La startup innovativa dell’Incubatore d'impresa di Bergamo Sviluppo è stata selezionata a Londra alla Startup Grind Europe 2017
25 startup, selezionate da una community di un migliaio di responsabili locali, che in 7 anni ha organizzato più di 4500 eventi in 250 città. Il tutto patrocinato dal colosso Google.

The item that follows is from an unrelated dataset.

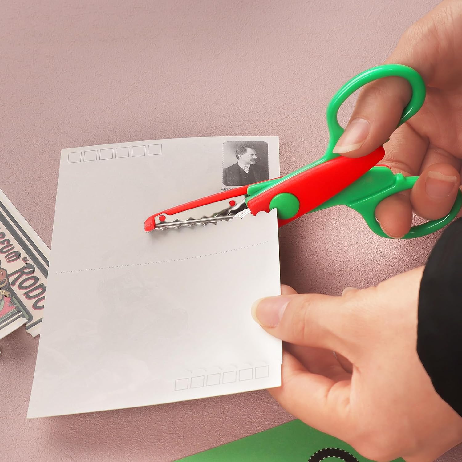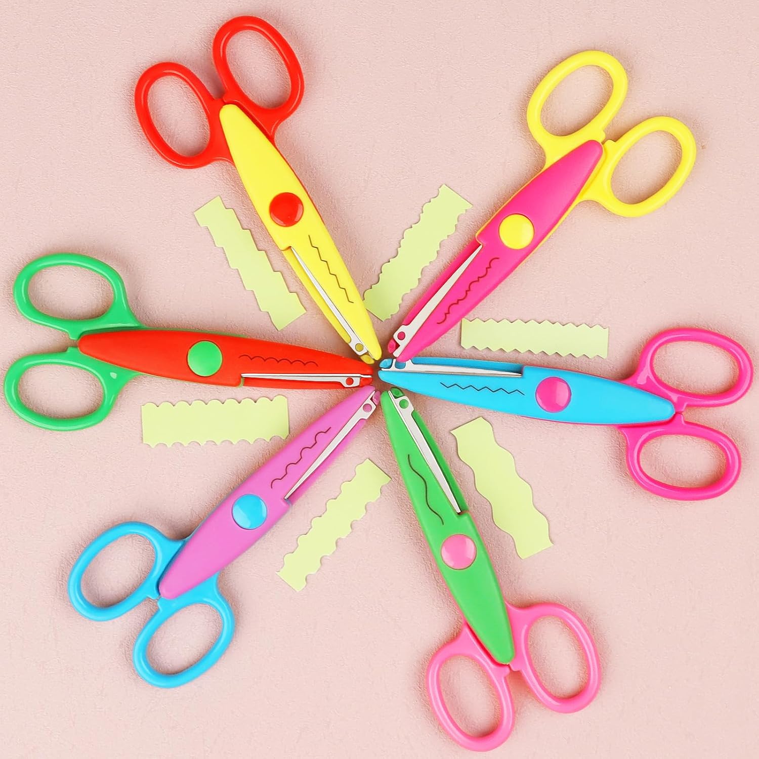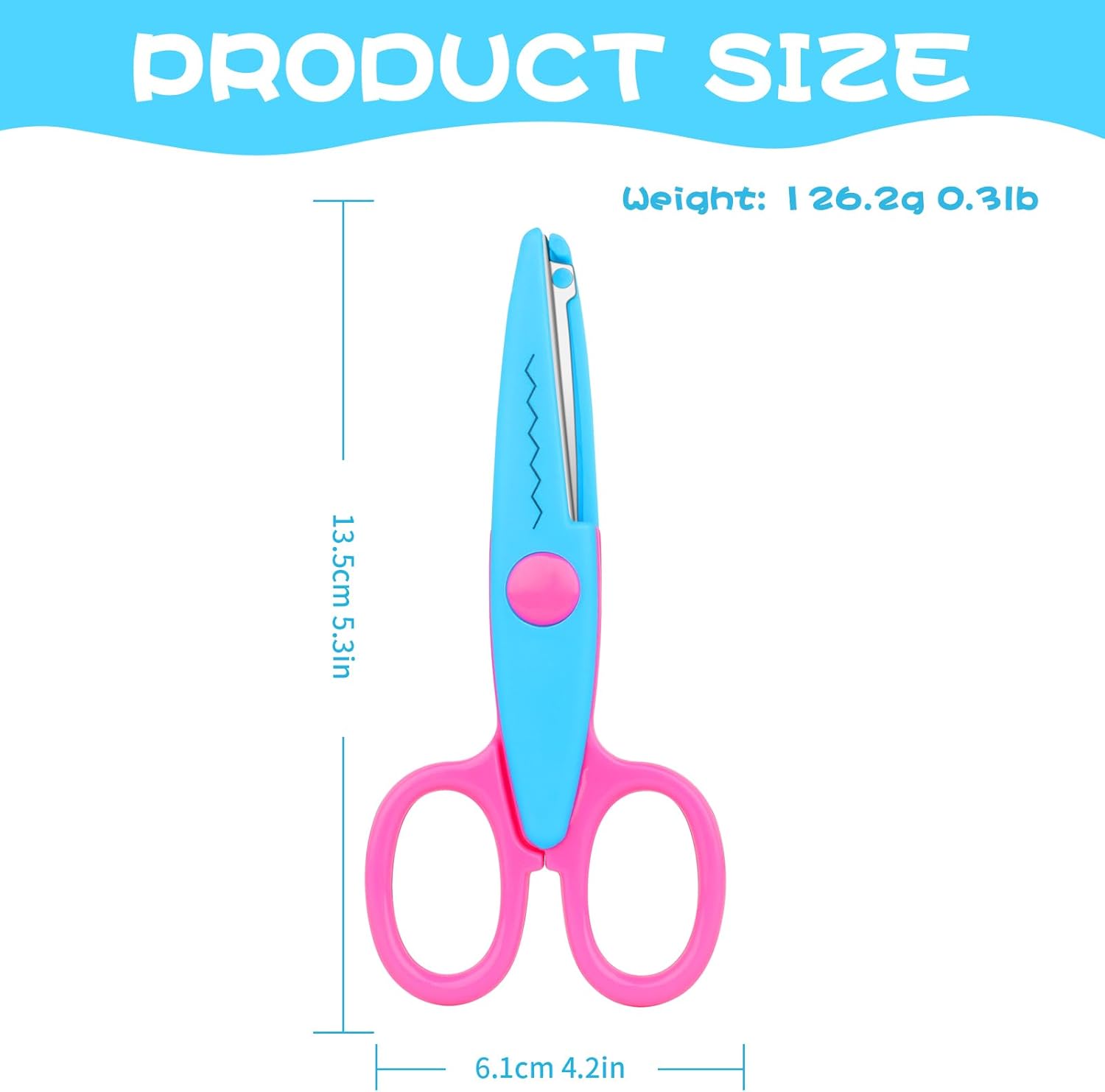 Avrai 6 forbici per bambini in diversi colori, divertenti tagli di carta, ognuna misura 13,5 cm e pesa 20 grammi. Queste forbici presentano colori vivaci e accattivanti come rosa, rosso, giallo, verde e viola che piacciono ai bambini Ogni paio di forbici può ritagliare forme diverse tra cui onde grandi, onde piccole, grandi forme frastagliate, piccole forme frastagliate, ingranaggi stampati e forme del castello. Varie forme possono stimolare l'immaginazione e la creatività del tuo bambino Le forbici colorate per bambini sono realizzate in acciaio inossidabile e plastica di alta qualità, robuste e durevoli. Le forbici per bambini, possono dare ai tuoi bambini visivi, promuovere efficacemente la loro percezione del colore e aumentare l'interesse dell'artigianato dei bambini Confortevoli e morbide al tatto, progettate per il comfort di tutti i bambini, forbici di sicurezza, si prega di notare che le forbici non sono adatte a bambini di età inferiore ai 3 anni Ampia gamma di usi: le graziose forbici per bambini sono perfette per lezioni d'arte prescolari, scuola domestica, corsi di artigianato, ecc., adatte per tagliare la carta o giocare a Cali, album fai da te, biglietti di auguri, album fotografici, ecc., possono facilmente attirare l'attenzione dei bambini, sono un buon aiuto per insegnanti e studenti nella classe di artigianato, ed è anche un buon set per coltivare l'interesse dei bambini per le arti

Una di queste startup fa parte dell’Incubatore d’Impresa di Bergamo Sviluppo, localizzato al POINT di Dalmine: si tratta di 221e srl, che il 14 giugno scorso ha esibito i frutti del proprio lavoro alla Central Hall di Westminster, nel cuore di Londra.
La presentazione è avvenuta nell’ambito di Startup Grind Europe 2017, patrocinato dal gigante californiano di Mountain View che ha visto la partecipazione di circa 1500 finanziatori da tutto il globo. «Poter mostrare il progetto 221e ad una platea di importanti rappresentanti di ecosistemi di accelerazione, venture capital e “tech giants” provenienti da ogni parte del mondo, è stata un’esperienza bellissima e al contempo una giornata unica nel suo genere -spiega il fondatore di 221e Marco Signorelli– ma ancora più emozionanti sono stati il confronto con altre realtà provenienti da tutta Europa e l’inserimento nella lista delle top 25 startup innovative europee: premia il nostro costante impegno che sta portando a questi risultati, ripagandoci degli sforzi fatti e ci fa capire quanto vitale sia una solida base tecnologica per portare a termine progetti innovativi in settori avanzati come quelli dei dispositivi indossabili e IoT».

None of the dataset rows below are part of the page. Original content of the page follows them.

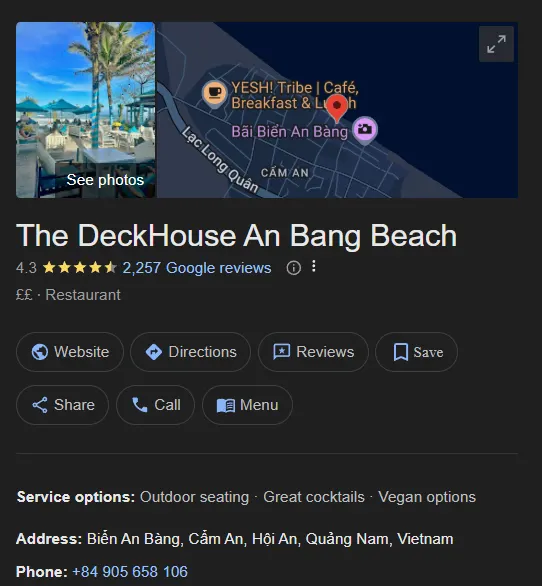 - 주소: Lot 8B, An Bang Beach, Cam An, Hoi An, Quang Nam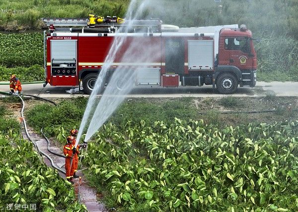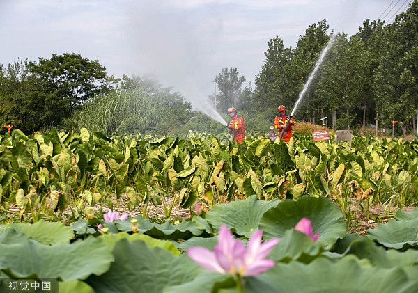 2022年8月15日,江苏泰州,消防人员在兴化市垛田街道高家荡村帮助村民给龙香芋浇水。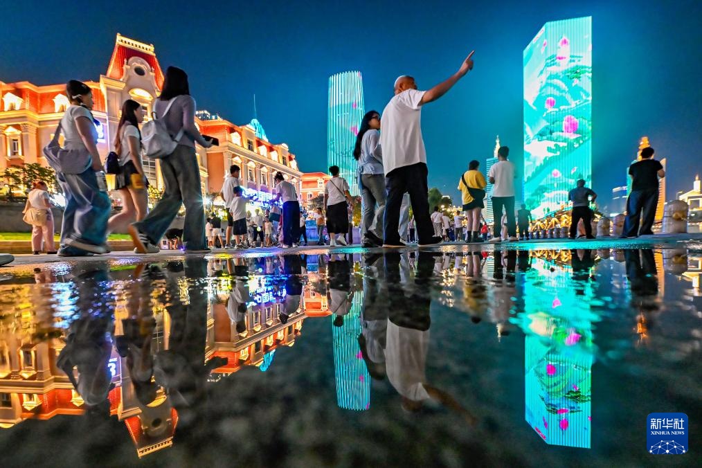 8月29日,人们在海南保亭七仙文化广场嬉水。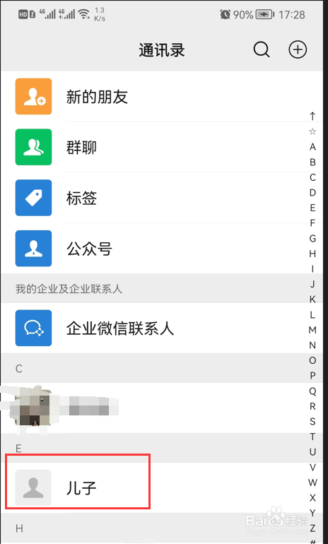 第七步:打开微信,切换到通讯录,找到需要移动到桌面的联系人,如“儿子”,点击这个名字。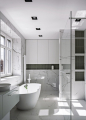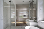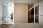 V patře se nachází ložnice, do níž jsme integrovali koupelnu i šatnu zároveň. Dispozice patra vyžadovala úpravu, která eliminovala zbytečné chodby. Koupelna díky tomu disponuje nadstandardně velikým sprchovým koutem pro dva a podařilo se sem umístit i vanu a dvě umyvadla. Plastická oválná mozaika Aquarelle mint grey v šedozelené barvě a ornamentální skla Flutes dotvářejí hru světla v interiéru.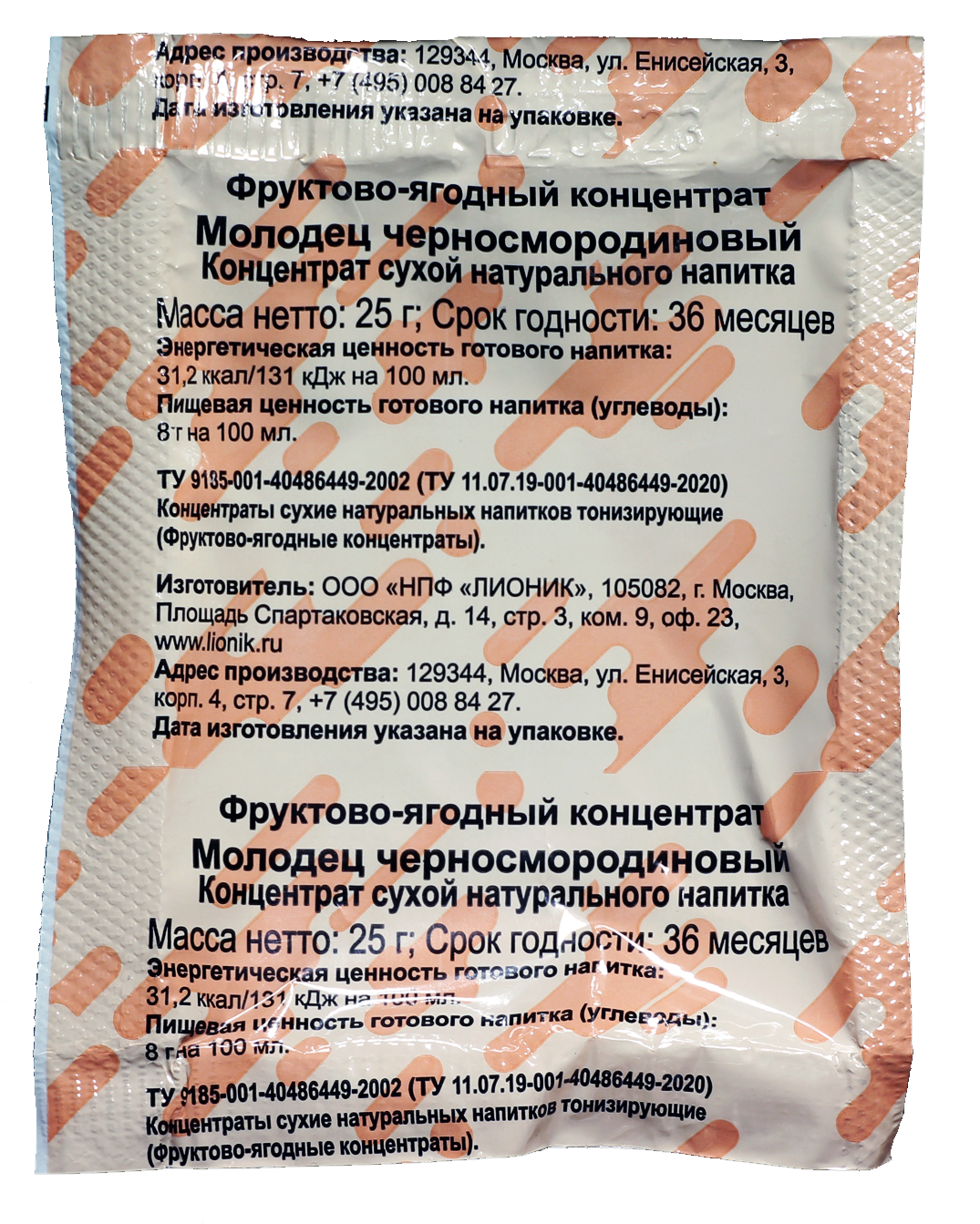 Сахар белый свекловичный, экстракты-концентраты яблочный и шиповника; экстракты черной смородины и прополиса; крахмал картофельный; стабилизаторы - желатин пищевой; регулятор кислотности - кислота лимонная Е330; антиокислитель - кислота аскорбиновая Е300; ароматизатор «Черносмородиновый». ТУ 9185-001-40486449-02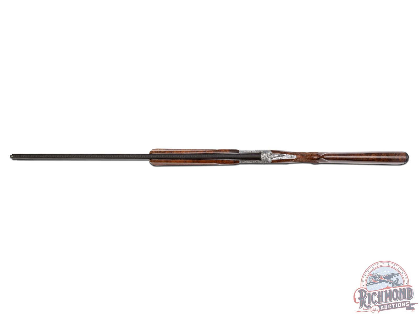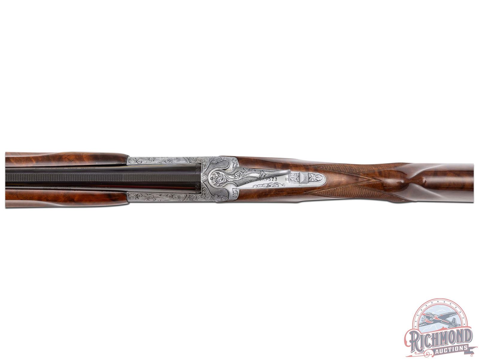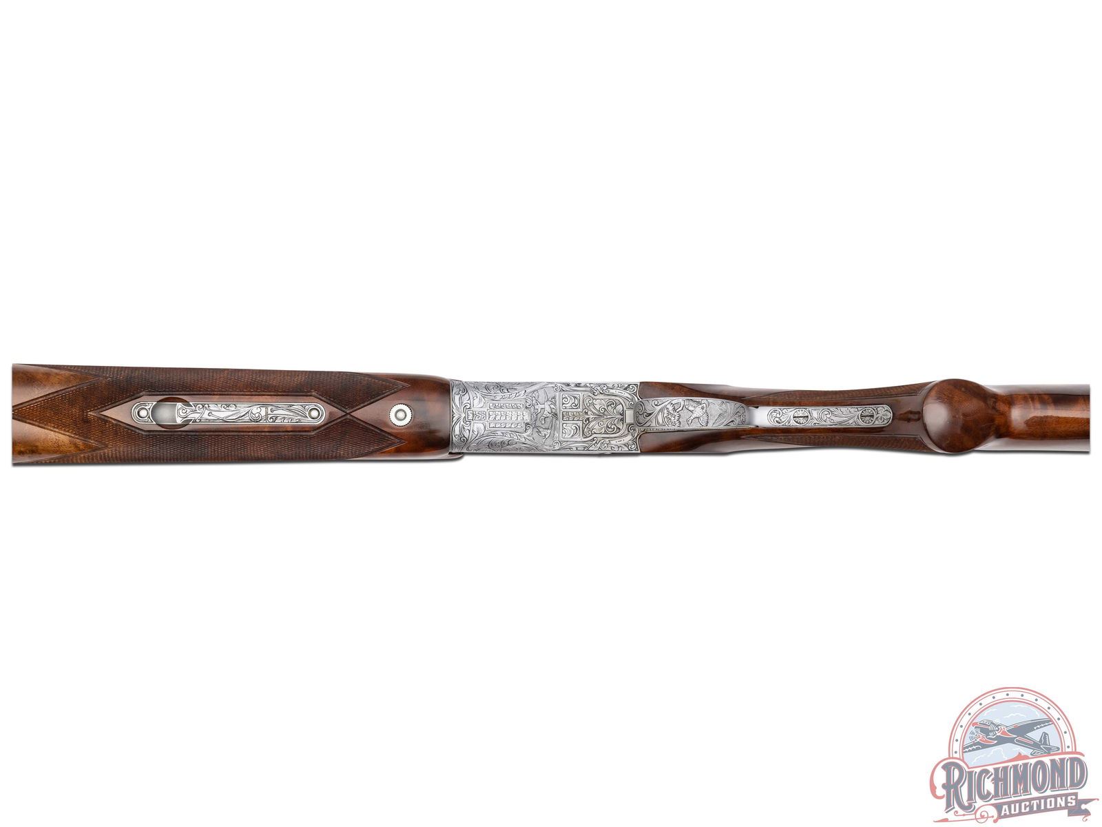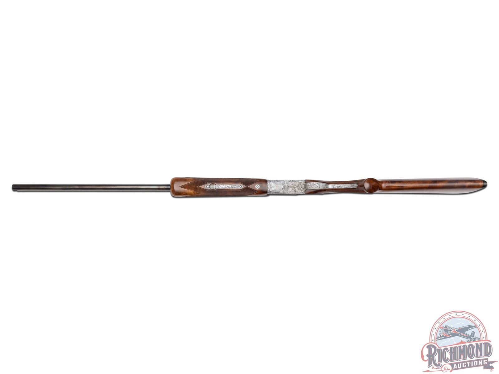 Manufactured in 1978. Features 28" blued barrels with single nickel bead front sight on a matte ventilated rib. Chambered for 2-3/4" shells choked Full and Improved modified and equipped with automatic ejectors. The coin finished action has deep floral scroll engraving which extends to the break lever, trigger guard, tang, barrel breeches and forearm hardware. The right side of the action is engraved with a game scene of three ducks taking to flight from a wooded marsh, with the left side similarly engraved with three pheasants in a wooded field scene. The underside of the action is also engraved with a setter and a flushed pheasant, along with a quail in flight on the trigger guard. Select high grade checkered walnut pistol grip stock, skeet style forearm with a polished finish. Gold washed single selective trigger / tang safety. Fitted with a factory Browning textured black plastic butt plate. Includes non-matching box. LOP: 14". DAC: 1-1/2". DAH: 2". CALIBER: 28 GA. S/N: 08130RP573. FFL STATUS: Modern.

È stato il continuo impegno ad investire in tecnologia e sviluppo di competenze a far nascere il sistema MuSe, una piattaforma multi-sensore che combina accelerometro, giroscopio, magnetometro, termometro e barometro riuscendo a dare una stima più esatta possibile dell’orientamento e del comportamento dell’oggetto su cui è collocato, sia esso un drone o la mano di un malato di Parkinson. E per farlo non necessita di cavi perché sia la ricarica della batteria, sia la trasmissione o l’osservazione “in diretta” dei dati avviene via Bluetooth, in uno spazio pari a una moneta da 2 euro. «Sicuramente tra i nostri punti di forza -precisa Daniele Comotti, responsabile tecnico dell’azienda- ci sono le ridotte dimensioni del MuSe, assieme all’elaborazione embedded dei dati, alle librerie software che forniamo ed alla modularità applicativa del sistema; caratteristiche che rendono il prodotto competitivo sul mercato». E le possibilità di impiego, per questo genere di sistemi, sembrano essere davvero moltissime, un po’ come auspica il nome dell’azienda: 221e è il codice per il simbolo dell’infinito (∞). «Ma per noi -continua Comotti- l’importante è riuscire a seguire tutti i progetti e le esigenze dei clienti, mantenendo un costante sviluppo dell’offerta tecnologica aziendale. Come ci siamo riusciti? Grazie alla collaborazione con l’Università di Bergamo e alla scelta di localizzarci al POINT di Dalmine».
«Quando un’azienda nata nell’ambito del nostro progetto ottiene riconoscimenti fuori dalle mura dove si sta sviluppando non rappresenta per noi solo un motivo di orgoglio – precisa Cristiano Arrigoni, Direttore di Bergamo Sviluppo- ma la conferma che lo sforzo, anche economico, di supportare idee innovative in ambiti nuovissimi, mediante consulenze, servizi e facilitazioni logistiche, può portare a frutti davvero importanti, in questo caso di portata addirittura europea».